可在世界杯期間,她除了一同參與了與其他學院的械鬥,之後就再也沒有見過她了。

思索片刻後,歐文站起身來。

他決定,要去和漢娜聊聊。

小姑娘可彆抑鬱了。

他快步的從走出禮堂。

赫敏沒有跟過來,她打算向蘇珊打聽打聽其他巫師家庭身上發生的事情。

從旋轉樓梯一直向下。

在一副秋收麥穗的風景畫右轉進入一條狹長的走廊。

接著再左轉,走廊豁然開朗。

那是一片很大的區域,擺著各種各樣的大木桶。

大部分木桶裡裝著的都是醋,你必須準確的找到第二排中間第二個桶,然後按照“赫爾加·赫奇帕奇”的節奏敲擊桶底。

旋即一個狹小的,可以讓人爬進去的通道後,一個圓形、樸實、低矮、熱情、溫暖、陽光充足的赫奇帕奇休息室便向你展開。

漢娜這段時間一直都沒怎麼出去。
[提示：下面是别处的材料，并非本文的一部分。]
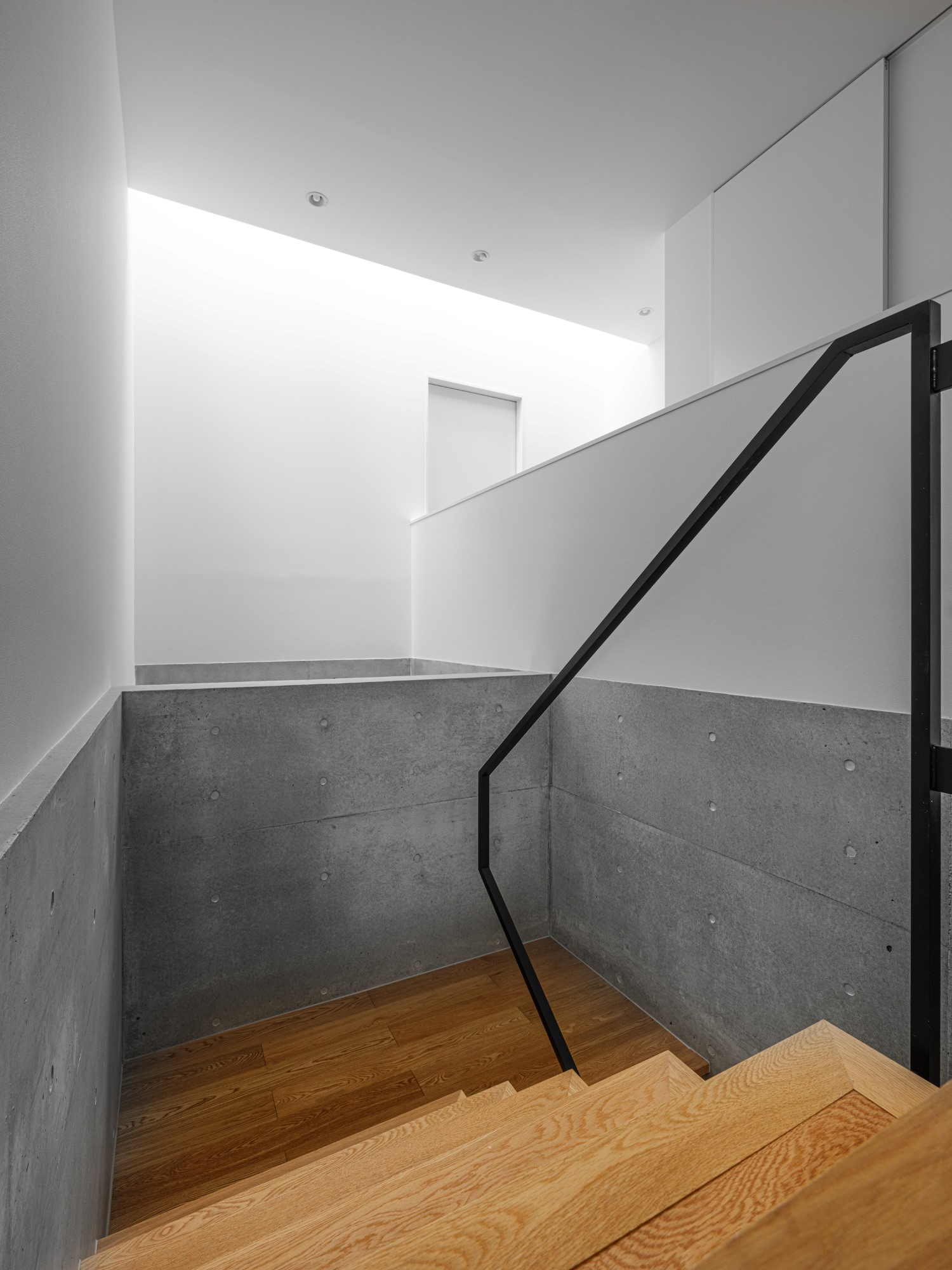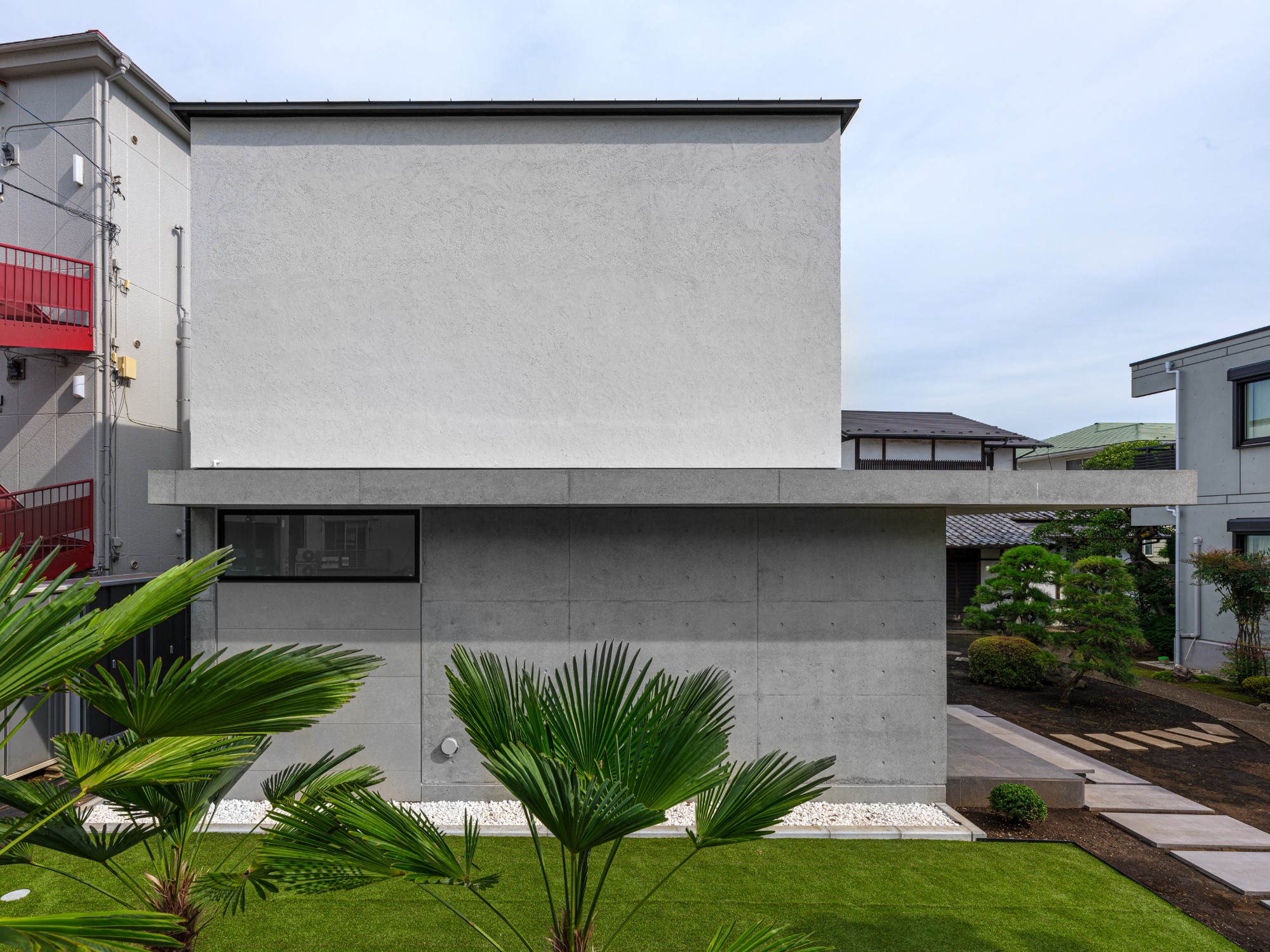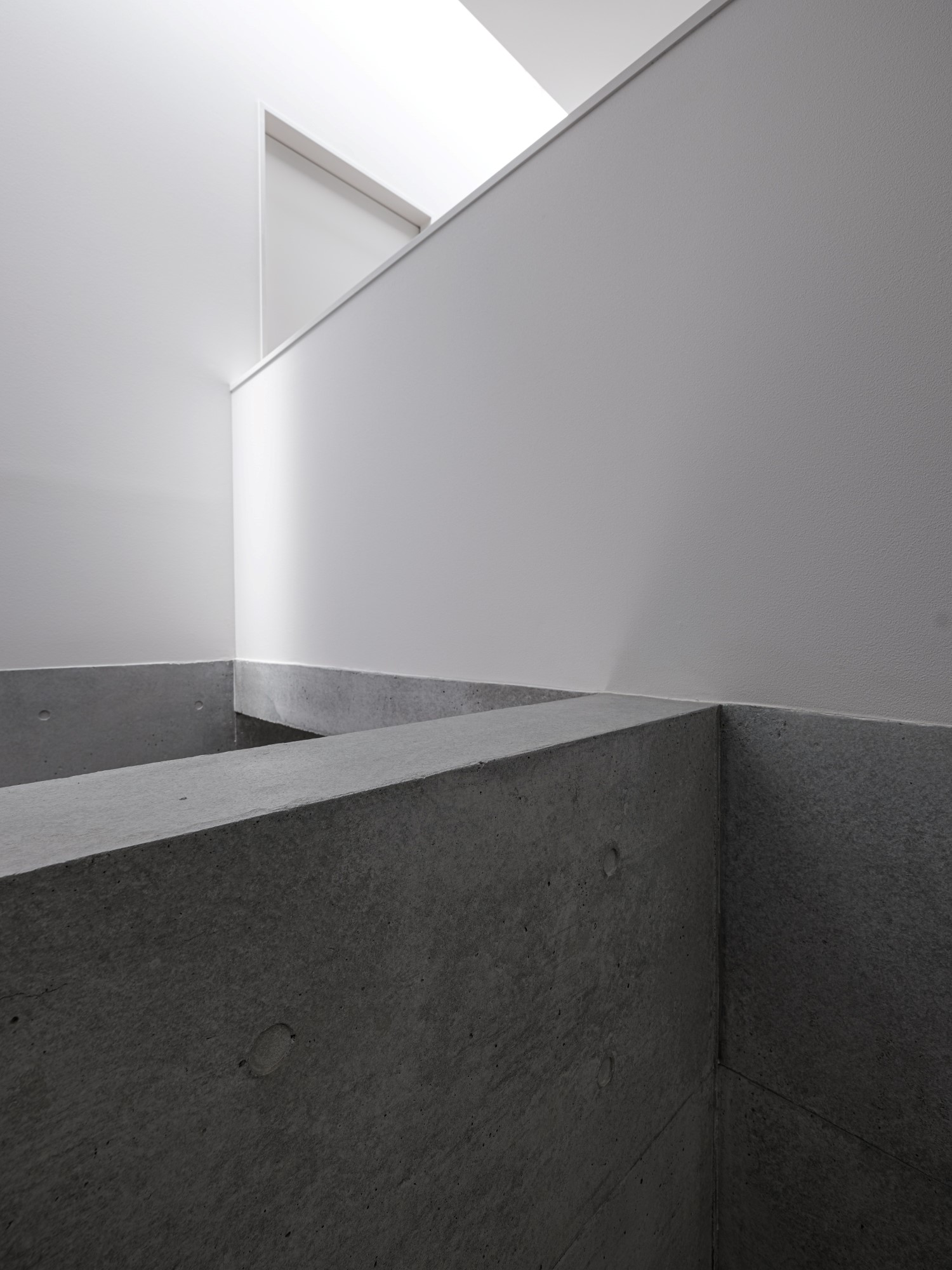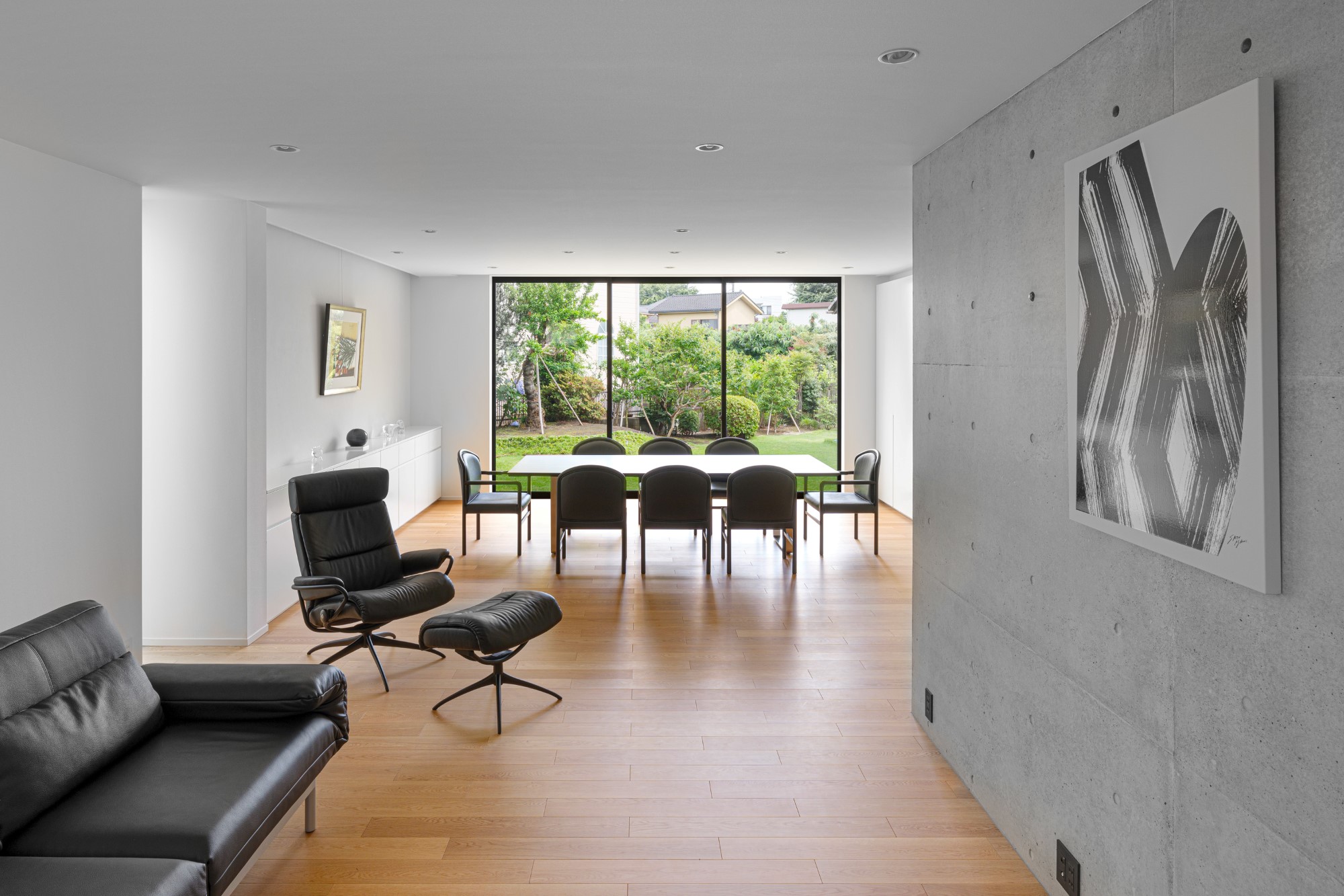 プライバシーを確保しながらも明るく開放的な空間をつくりたいという建て主の要望を実践した住宅です。都心部でありながら南側にある母屋の広い庭を共有する敷地で、庭と建物の関係性も熟考しながらプランニングしました。1階の南側に大きく開口部を設けることで、庭の風景と自然光を最大限に取り込んでいます。幹線道路に面した北側の玄関は吹き抜けにして大きな天窓を設けることで、プライバシーは確保しつつ1階まで自然光が降り注ぐ、明るい空間が生まれました。室内は打放し仕上げの構造壁をそのまま生かし白色を混ぜた保護塗料を使用、コンクリートの質感をのこしながら明るく仕上げています。
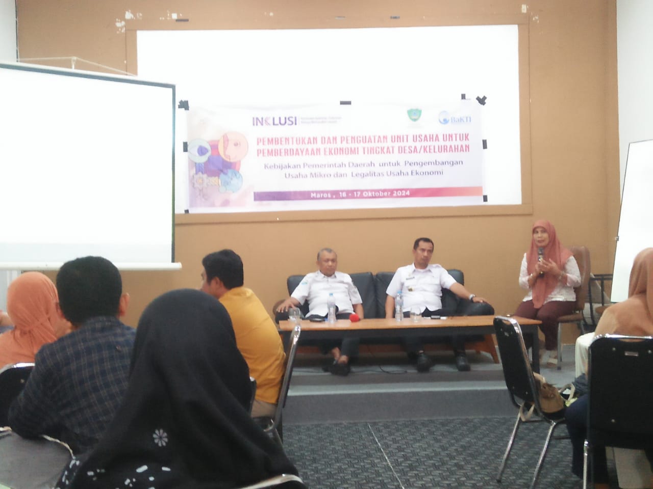 Sementara itu, Isma sebagai koordinator program INKLUSI di Kabupaten Maros menyampaikan tujuan adanya Kegiatan ini untuk meningkatkan pengetahuan, pemahaman dan pengembangan tentang pengelolaan keuangan usaha ekonomi mikro dan bagaimana kebijakan pemerintah daerah untuk mendapatkan legalitas bagi pelaku usaha di Kabupaten Maros yang merupakan wilayah dampingan Program INKLUSI” jelasnya.
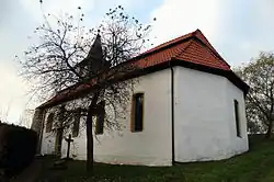 Das heutige Kirchengebäude ist ein einfacher in Hanglage errichteter barocker Saalbau mit polygonalem Schluss. Sie wurde 1652 erbaut, nachdem der Vorgängerbau räumlich zu klein geworden war. Den Mittelteil des Kirchenschiffes schmückt ein Tonnengewölbe. Der Dachreiter misst 7,50 Meter über dem First und prägt damit das Ortsbild. Der Kanzelaltar entstand in der zweiten Hälfte des 17. Jahrhunderts. Das Altargemälde hat das Abendmahl als Thema. Im Kirchenschiff schwebt ein barocker Taufengel aus der Mitte des 18. Jahrhunderts.
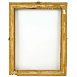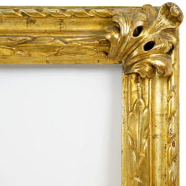 Cornice del XVIII secolo, in legno intagliato e dorato, battuta interna scolpita a foglie ricorrenti, seguita da gola liscia e cordonetto, angoli e centri a grandi foglie d'acanto aperte rivolte verso l'esterno, misure ingombro cm 117x93, battuta cm 99x74, (difetti)
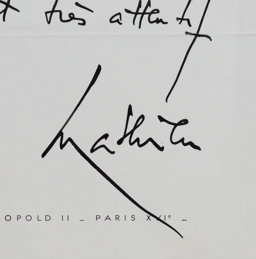 Georges Mathieu (Boulogne-sur-Mer, 1921/2012)Longue et très belle lettre, rédigée de l'écriture graphique de Georges Mathieu, et adressée au philosophe, poète, traducteur et journaliste Pierre Boutang.
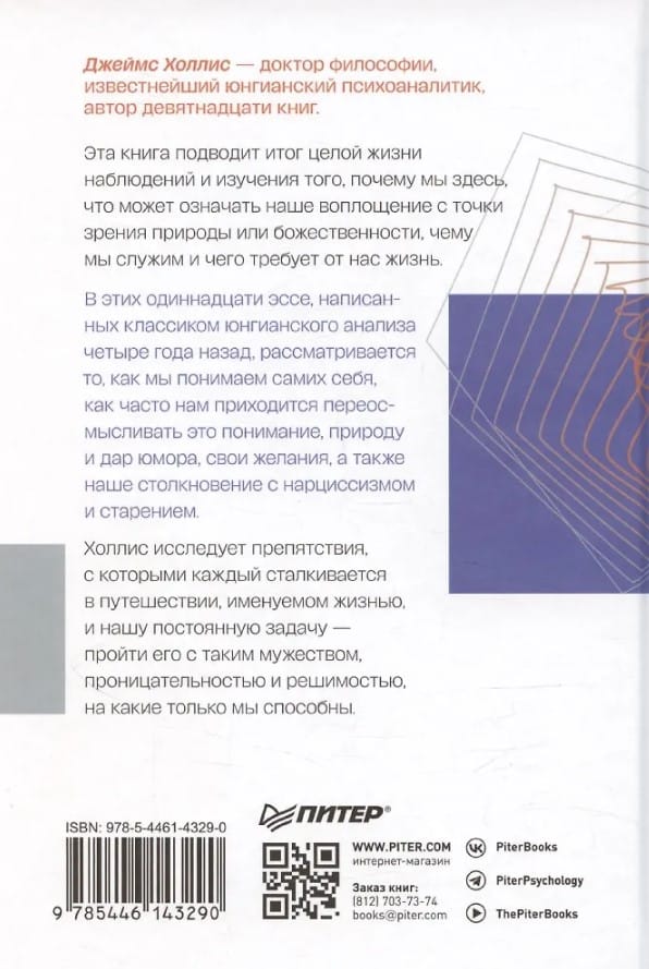 Эта книга подводит итог целой жизни наблюдений и изучения того, почему мы здесь, что может означать наше воплощение с точки зрения природы или божественности, чему служим и чего требует от нас жизнь. В этих одиннадцати эссе, написанных классиком юнгианского анализа четыре года назад, рассматривается то, как мы понимаем самих себя, как часто нам приходится переосмысливать это понимание, природу и дар юмора, воображение, желания, а также наше столкновение с нарциссизмом и старением. Холлис исследует препятствия, с которыми мы сталкиваемся, и нашу постоянную задачу - прожить наше короткое путешествие с таким мужеством, проницательностью и решимостью, на какие только мы способны.
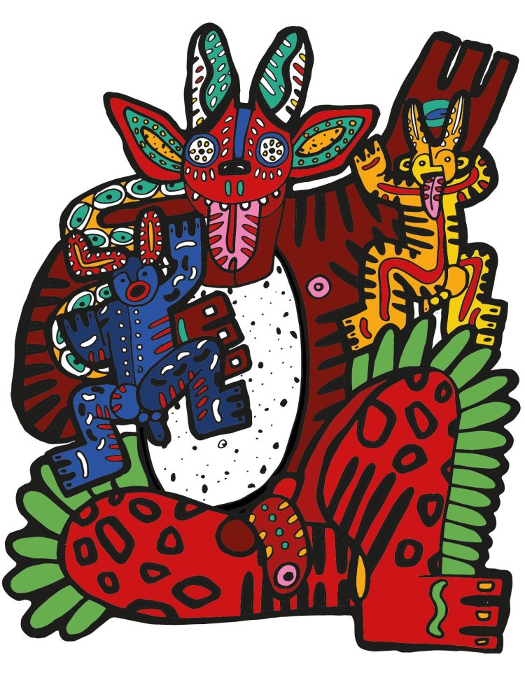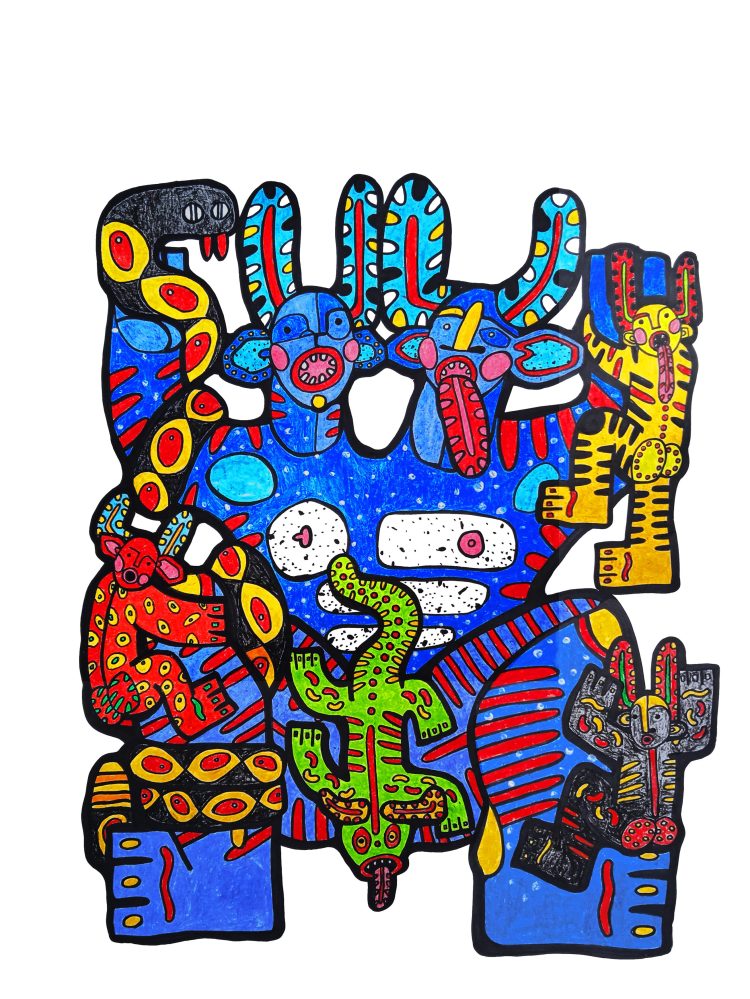 2024, Mascara del Carnaval de Barranquilla. Tinta y Pastel 50×70 cm.

她就在休息室裡。

早上下課後,歐文見過她。

“怎麼了,怎麼不去吃飯?”

漢娜坐在黑色的柔軟的沙發,正看著手中的信件發呆。

當她注意到歐文走近後,表情有那麼一瞬間,變得慌亂,連忙將手中的信件收了起來。

然後抬頭看向他,“沒沒事。”

“我不太餓。”

“我聽說你家裡發生的事了。”歐文直言不諱。

徑直走到了漢娜身旁的扶手椅上坐下。

彆指望他這個黑魔頭會安慰人。

他從不安慰人,他隻會輕而易舉的解決需要被安慰的人。

“嗯!”漢娜並沒有表現出太多吃驚的神色。

無論是對歐文知道自己家裡發生的事,還是對他直接的態度。

他就是這樣,自己習慣了。

“彆難過。”歐文接著說。

鋼鐵直男是這樣的。

“我沒難過。”漢娜似乎是看出了眼前這個男孩是想安慰她。

她將手中的信件塞進口袋,“蕾芙麗姑媽和我們家關係並不好。她沉迷一種迷幻藥劑,聽說喝下那種魔藥的人會看見他們最想看到的東西。

她把所有錢都用來買那種藥劑的原材料了。”

休息室外,搖動的青菜帶著夏天最後的芳香越過布置著黃色幔帳的窗戶飄進休息室。

窗台上,擺著幾株有趣的植物,一種黃色的,歐文在門庭前的噴泉見過的喇叭狀神奇植物正在唱著歌。

那曲子悠揚而婉轉,像是母親口中古老的來自歲月的挽歌。

“追債的人,找到了我們家,他和蕾芙麗姑媽發生的爭執。”

“嗯。”歐文靠在扶手椅上,聽著這個俗氣的故事。

用腳趾頭想也能知道之後發生了什麼。

他才不在乎那些呢。

他在乎的是,這件事件對漢娜有什麼影響。

至於死了什麼人?為什麼死人?該死的人死了沒死?這些統統不在他的考慮範圍內。

“我那天正好——”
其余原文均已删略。